MM&D - Reworking Hopscotch
Today I reworked a couple of levels to solve some rather obstinate visibility issues. Thought I might write a bit about one of them here! The left pic is Hopscotch, previously at #5, and on the right is 05_Easy_B_Revision which I created today to replace it.
The level at #5 is the game's first puzzle, the first level the player encounters after learning the basic mechanics of the game (Intro / Edu levels 1-4). It must be challenging enough to be intriguing, but not hard enough to cause frustration; the player should feel smart for realising the solution, not foolish for not seeing it immediately; and it must reinforce the playerr's understanding of the death, incrementation, bouncing, and falling mechanics they've just learned. Additionally, I want this level to remind the player that blocks can be approached from multiple angles, and that a block in one place can have multiple uses depending on how the player interacts with it. This last lesson is important in preparing the player for the next puzzle, 06_Med_B_Exam.
A tough ask, perhaps, but Hopscotch fulfilled these goals admirably! It requires the player to die from the high platform (reinforcing lethal height), repeat the process to bounce and create a line of corpses (reinforcing bouncing, line creation), climb the third corpse to access the central pillar, then jump onto that same corpse to create a line in the other direction (reinforcing multiple uses for corpses, incrementation as the older corpses disappear, approaching from multiple angles). Finishing that line of corpses, the player can then climb the furthest corpse to access the stairs to the exit.

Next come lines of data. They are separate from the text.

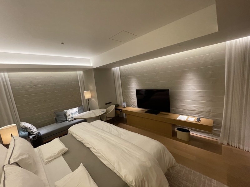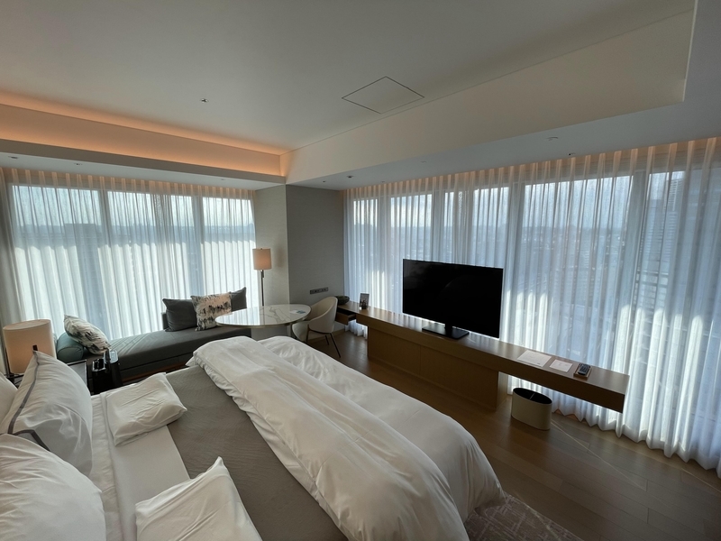 室内に入ると、まず目に入るのが大きな窓とツインのウェスティンヘブンリーベッド。高級感のある寝具に包まれて、まるで雲の上にいるような寝心地を体験できます。
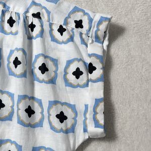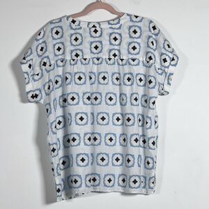 Ann Taylor Geo Linen Popover Short Sleeve Top Sz L Multicolor Relaxed 1/4 Button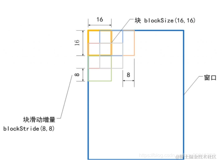 窗口大小 winSize(64,128), 块大小blockSize(16,16), 块滑动增量blockStride(8,8), 胞元大小cellSize(8,8), 梯度方向数nbins(9)。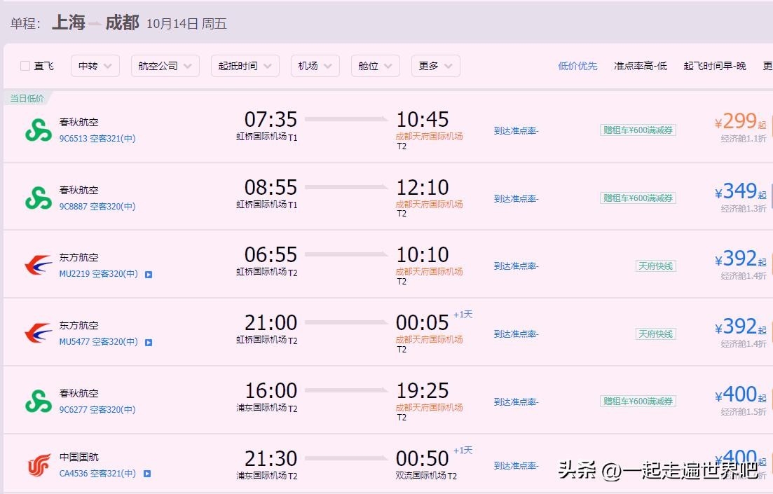 请看上图,上图为上海到成都之间的部分机票信息。

There were only two problems. First, despite its central position, many players had difficulty understanding that they should make use of the central pillar, and failed to realise they should climb the third corpse from behind to start a corpse-line in the other direction. Second, when players realised their mistake, they felt foolish for missing it for so long. As I see it, both of these problems stem from the central pillar and the visibility issue it poses. The player needs to climb the third corpse from behind, which means that both the pillar and that corpse are obstructing the player's view for that action. It also blocks a clear view of the first line of corpse-blocks, which makes the incrementation less clear. I watched one playtester die in the same way repeatedly, making and remaking the same line of four corpses six times without ever realising they could climb the central pillar. It had to go.
The new level is very similar. The line of corpse-blocks goes away from the screen, and in front of a short pillar, so that the player's 'alternate angle' approach is now clearly visible, and their bounce is back towards the camera. There's a wall at the other end of the line, so that it's clear the player isn't expected to keep extending the line further. And, both to draw the player's attention to incrementation and the 3-corpse limit and to avoid any attempts to bounce along the line onto the pillar at the end, the player's first death is to a static hazard. This also serves to make the player's first move clear – we've found players usually go straight for static hazards when presented with new levels, and only then pause to think about what they can do from there. This makes static hazards a wonderful guiding tool for us, that we're making full use of in many levels.
As always, playtesting will show if there are problems I have not foreseen, but I'm quite happy with this new level for the #5 spot.